Though there’s plenty of movement and enthusiasm, director Susan Seidelman is content with a metronomic approach to manipulating our feelings — buoyant Latin music never felt so routinely scene-setting — and seems afraid to let anyone on-screen depart from established caricature.

That’s a shame, because she finds an offbeat grace note in the film’s final dance routine — a moment between lovers that encapsulates the cycle of struggle and hard-won joy they will inevitably face — that suggests an intriguing exploration of mixed-agility romance.

Robert Abele

“Musical Chairs.” MPAA rating: PG-13 for language, some sexual material and a brief drug reference. Running time: 1 hour, 40 minutes. At Laemmle’s Music Hall 3, Beverly Hills; Laemmle’s Town Center 5, Encino; Laemmle’s Playhouse 7, Pasadena; and Regal Westpark 8, Irvine.

‘Gangster’ lacks name and focus

The most notable factor in the superb action films recently coming from South Korea has been their raw intensity, both in terms of brutal physical violence and emotionally messy thematics. Which makes “Nameless Gangster: Rules of the Time,” a recent hit in its homeland for writer-director Yoon Jong-bin, something of an oddity for its flabby listlessness, the way in which it wastes a crack set-up and game cast on a story that lacks focus and drive.

As if to highlight what his film is missing, “Gangster” features the stars of some of the best of recent Korean thrillers, Choi Min-sik from “Oldboy” and “I Saw The Devil,” and Ha Jung-woo from “Chaser” and “The Yellow Sea.” The film follows a slightly crooked customs officer (Choi) who enters the underworld in a big way when he comes across a large shipment of heroin. He soon hooks up with a genuine gangster (Ha) and together they rise to new heights, only to be undone by paranoia, hubris, greed and an eventual government crackdown on organized crime.

Rather than the knife wielding of some recent Korean films, the weapon of choice here is more frequently the sickening hollow thwack of an aluminum baseball bat. Regardless of any basis in the actual weaponry of Korean gangster circles, those bats seem at times a nod to “Casino.” But Yoon never reaches the operatic heights of Martin Scorsese’s sometimes misunderstood masterwork, with “Nameless Gangster” too meandering to be truly effective.

Mark Olsen

“Nameless Gangster: Rules of the Time.” No MPAA rating; in Korean with English subtitles. Running time: 2 hours, 13 minutes. At CGV Cinemas, Los Angeles.

Little fresh with this slacker

The trouble with “The Trouble With Bliss” is, well, pretty much everything. This dark comedy, directed by Michael Knowles from a script he co-wrote with Douglas Light (from Light’s novel), is as aimless as its main character, Morris Bliss — yet another man-child who lives at home — and just as uninteresting.

Morris (“Dexter’s” Michael C. Hall) is an unemployed — maybe never employed — 35-year-old who shares a faded Lower Manhattan apartment with his cranky, long-widowed dad (Peter Fonda).
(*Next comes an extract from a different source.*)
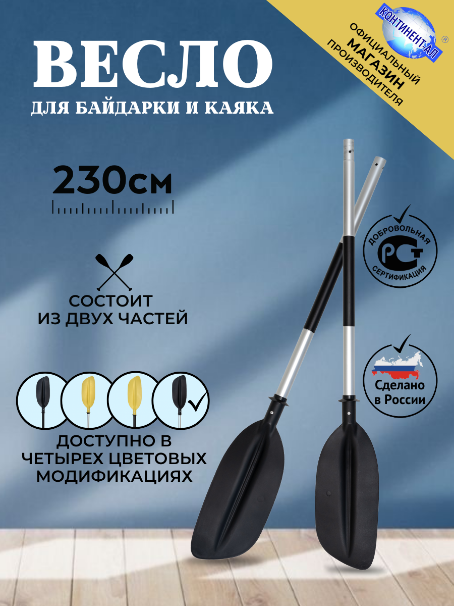 Весло «Континент-ал» для байдарок и каяков длиной 230 см, состоящее из двух секций — отличный вариант для тех, кто любит активный отдых на воде. Благодаря высококачественным материалам и инновационному дизайну, весло обеспечивает максимальную эффективность гребли и комфорт использования. Главное преимущество этих вёсел — их качественное исполнение. Конструкция весла позволяет разделить его на две части, что упрощает транспортировку и хранение. В разобранном виде длина весла составляет 115 см.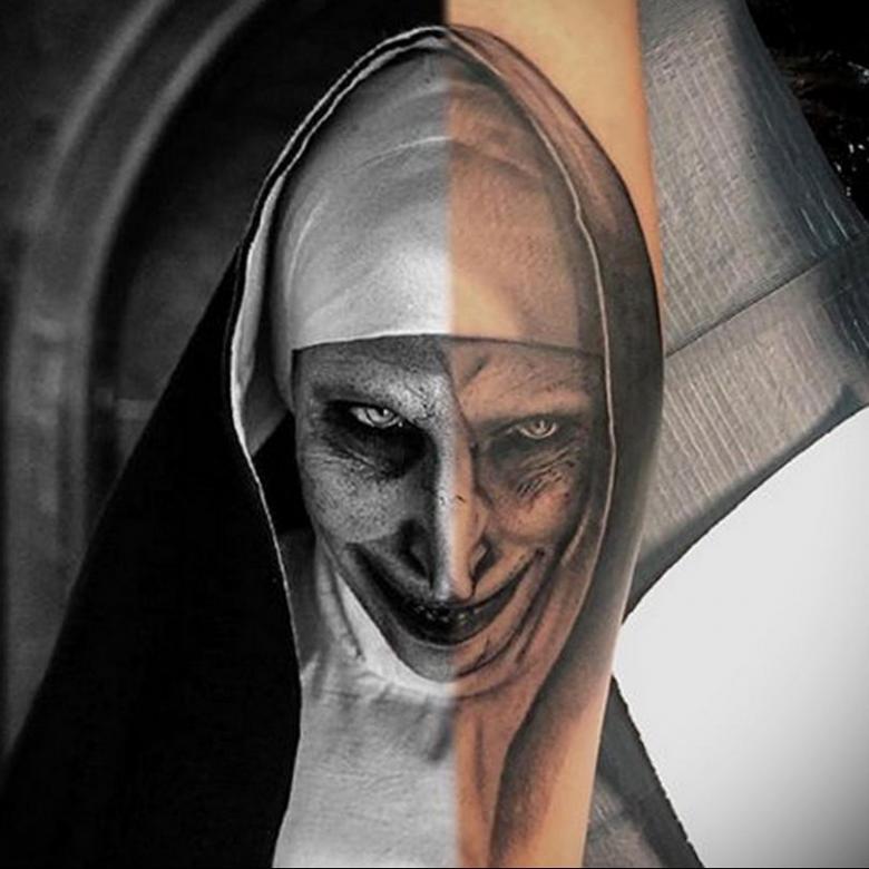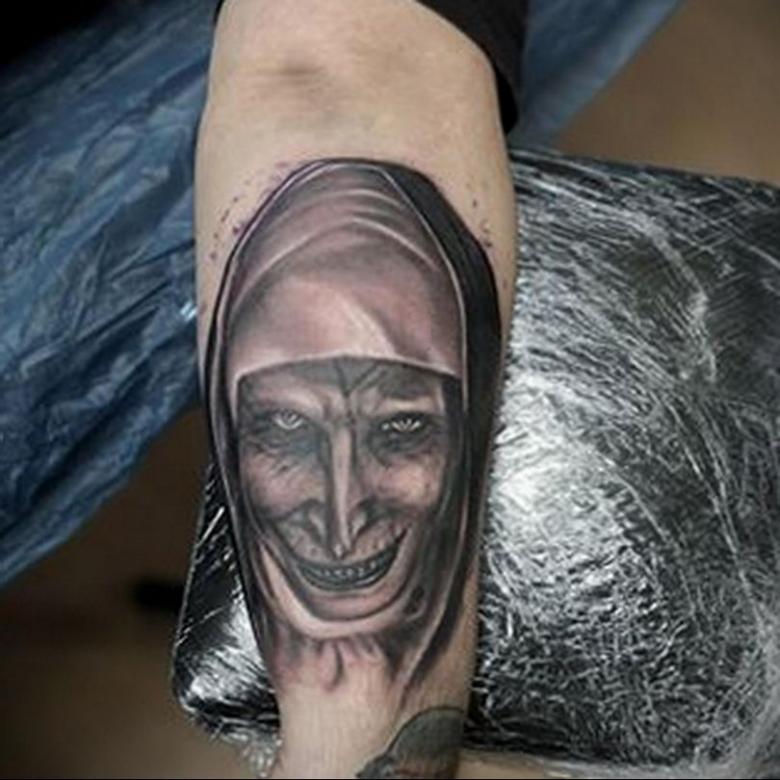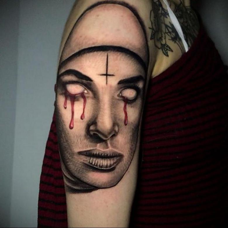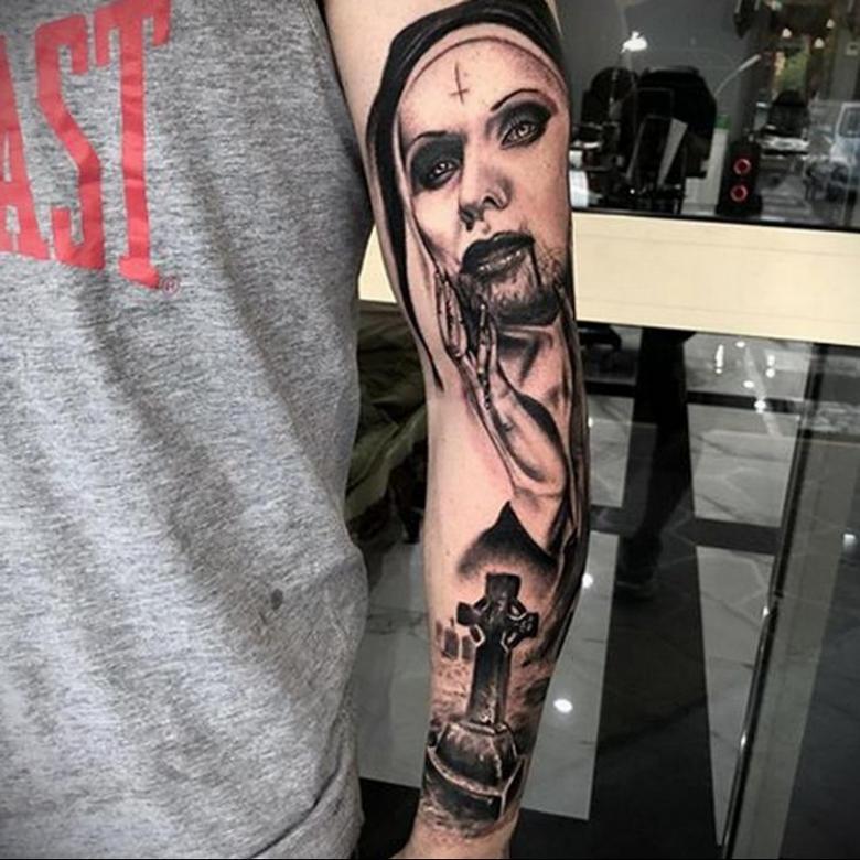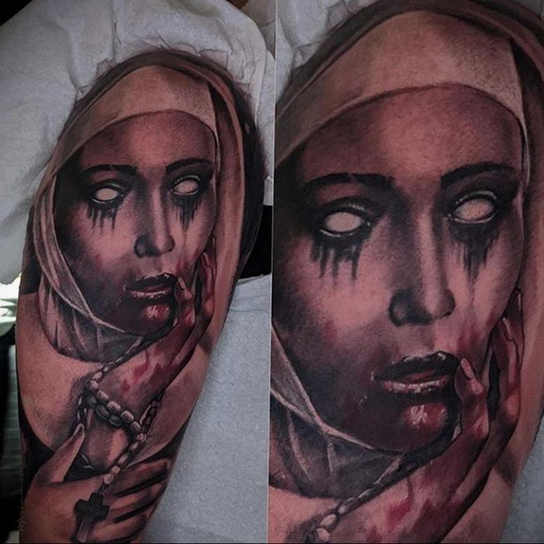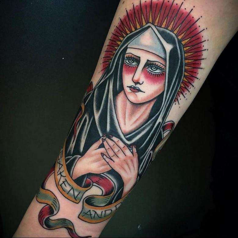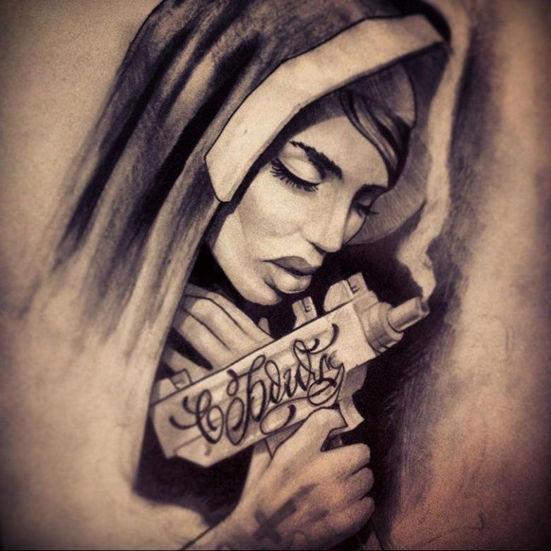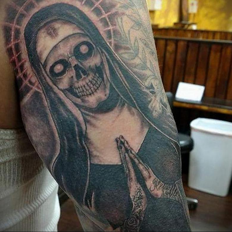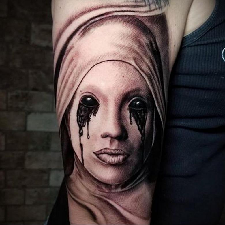 Piękna kobieca twarz w zakonnym płaszczu, z krzyżem i różańcem, w pozie modlitewnej lub z zasłoniętymi oczami, spoglądająca na nas czule z cudzego ciała. Ten szkic na pewno pozostanie w pamięci, ponieważ tatuaż zakonnicy nie jest spotykany zbyt często, ale zawsze jest wykonywany tak zgrabnie i szczegółowo, jak to tylko możliwe. A głęboka wymowa portretu, oprócz przyjemności estetycznej, skłania do refleksji filozoficznej.

Morris has recently begun a rash relationship with Stephanie (Brie Larson), a manipulative motormouth half his age who, it turns out, is the daughter of his ebullient old high school buddy, Steve “Jetski” Jouseski (Brad William Henke).

Little happens over the course of a seemingly short time span as Morris tries to extricate himself from Stephanie’s loopy clutches while reconnecting with Jetski, deciphering his best friend NJ’s (a fun Chris Messina) grandiosities and navigating an aggressive new love interest (Lucy Liu).

Any potential enjoyment here is fatally undermined by the film’s barely developed characters, self-conscious dialogue (“I will wax his tugboat!”) and repetitive imagery — how often must we see Morris get into bed and go to sleep? What inspired the talented Hall to sign on to this pointless exercise is the picture’s chief curiosity.

Gary Goldstein

“The Trouble With Bliss.” MPAA rating: PG-13 for sexual content, partial nudity and a brief violent image. Running time: 1 hour, 37 minutes. At Laemmle’s Music Hall 3, Beverly Hills.